City Attorney Catherine DiCamillo said the hotel owes the city some back transient occupancy tax.
The group also put forth a recommendation for how much the hotel should be worth when it is revalued as part of the court process.
KPMG Peat Marwick LLP, an independent appraiser hired by the debtors, estimated the hotel’s value at $37.9 million, a little more than half its current $68 million valuation.
City officials have said they hope the court will find the hotel has a value somewhere between KOAR’s lower estimate and the current value.
The city will lose a significant chunk of its property tax increment when the hotel’s value plummets. If the hotel is valued at $50 million, the city will lose about $150,000 per year in property taxes.
The court is expected to rule on the plan and the hotel’s new value sometime in February.
The bankruptcy restructuring plan also seeks to end a two-year-long feud between TurZak, Inc., the hotel’s food and beverage provider, and KOAR. TurZak is currently suing KOAR for more than $1 million.
The restructuring proposition seeks to pay TurZak $800,000 this May and another $200,000 a year later. If not, TurZak will be treated as any other disputed creditor seeking its payment and can seek remedies through the court.
Mitsui Trust and Banking Co., Ltd., the bank which financed the construction loan, is owed more than $50 million.
KOAR proposes to pay Mitsui $6 million in cash plus 10 percent of the hotel’s value toward a secured claim of $43 million. Mitsui also has an unsecured claim of $15 million.
The remaining portion of the bank’s claim would be paid when the hotel is refinanced in 2004. KOAR attorneys said they are confident there will be sufficient funds after the hotel’s refinancing to pay Mitsui $33 million, the amount KOAR expects to owe Mitsui in five years.
Each of the creditors involved in the bankruptcy will have an opportunity to vote on the restructuring plan. Each party has until Feb. 6 to approve or reject the plan.

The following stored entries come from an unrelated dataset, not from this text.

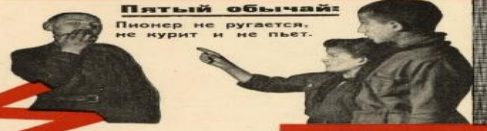
Пятый обычай: Пионер НЕ ругается, НЕ курит и НЕ пьёт.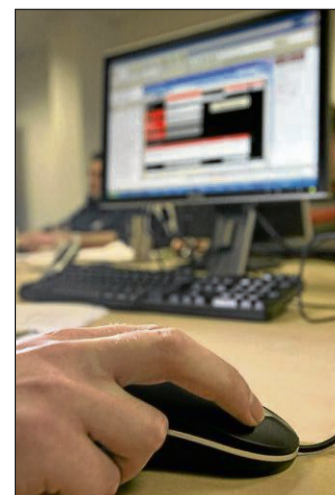
Kriminelle erpressen derzeit Computernutzer.

der abgerufen, abgespeichert sowie E-Mails mit terroristischem Hintergrund versandt. Das Sperren solle weitere Aktivitäten des Nutzers verhindern. Wer seinen Computer wieder nutzen wolle, müsse eine Strafe in Höhe von 100 Euro binnen 24 Stunden via Ukash-Coupon zahlen. Die Coupon-Nummer soll in ein Zahlungsformular eingegeben werden und via E-Mail an eine angebliche Adresse des BKA gesandt werden. Erfolgt keine Zahlung, werde die Festplatte gelöscht. Von dreister Online-Abzocke sprach Meisel. Betroffene Computer könnten mit einer Reparatur-CD gestartet werden, so Experten.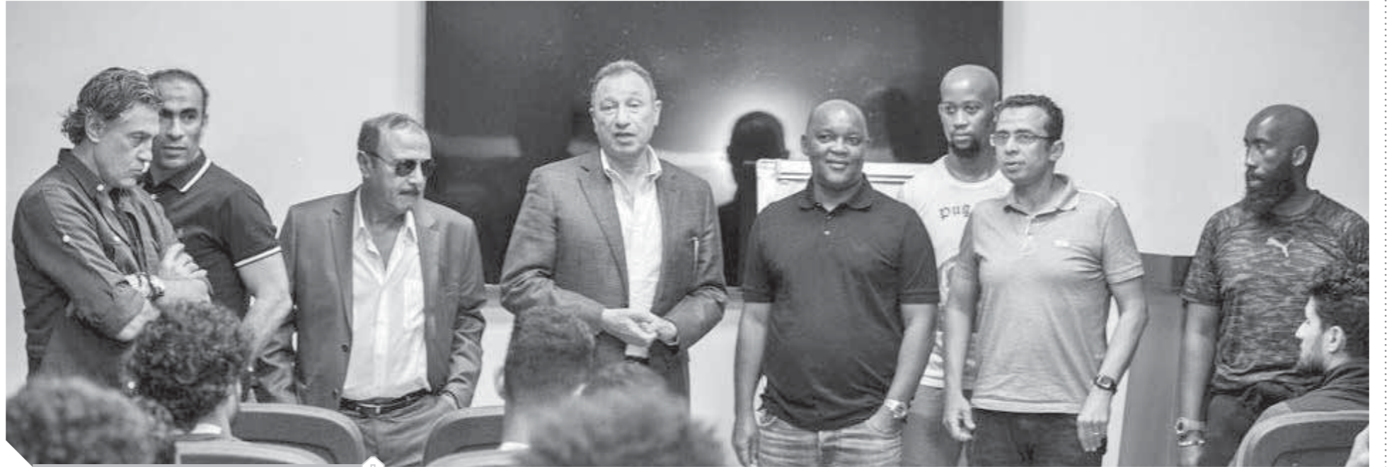
الخطيب وموسيماني في جلسة مع لاعبي الأهلي

●● وعليه ترفع لجنة الوفد بالقاهرة مطالبها للسيد محافظ القاهرة بصضرورة وأهمية إنشاء كوبري للمشاة عند ناصية المستشفى القبطي لحماية أبائنا والمواطنين وأبنائنا ومنطقة الظاهر والفجالة وحرساً على حياتهم وسلامتهم وأصبحت المنطقة بعد توسعها بالغة الخطورة في عملية العبور، وتناشده شخصياً أن يعيد مظلة محطة النقل العام أمام المستشفى القبطي ليستظل بها المواطنون آمنين محافظين على سلامتهم.. حفظ الله بلادنا وأبنائها في سلامة وأمان دائم.

The creditors committee includes TurZak, K.B. Foster Civil Engineering, of Stateline; Smith and Jones Inc., of Incline Village; Bonanza Produce Co., of Sparks; and Crystal Dairy Foods, Inc., of South Lake Tahoe.
The Embassy Suites Hotel, which opened Dec. 14, 1991, met KOAR’s revenue projections during the first two years of operation, according to the restructuring document. Then, due to the combination of a loss of commercial passenger service at the Lake Tahoe Airport, heavy competition from developing ski resorts and the booming Las Vegas economy, the hotel’s revenues were not sufficient to pay its debt service to the bank.
After the term on the loan expired, KOAR and Mitsui entered court proceedings last spring when Mitsui sought to sell the loan to a third party and several hearings ensued.
El Dorado County Judge Patrick Riley seemingly ruled for KOAR last April when he issued an injunction prohibiting Mitsui from selling the loan and remanding the case for trial. However, KOAR had to make all interest payments current before the dispute could go to trial and put up a bond for Mitsui attorney fees should KOAR have lost in the trial.
KOAR filed for Chapter 11 protection on May 14, 1998.
Despite the court proceedings and controversy surrounding the hotel, it has still managed to turn a profit. According to the restructuring plan, the hotel has brought in $3 million since bankruptcy was declared and is projected to make another $2.3 million by May.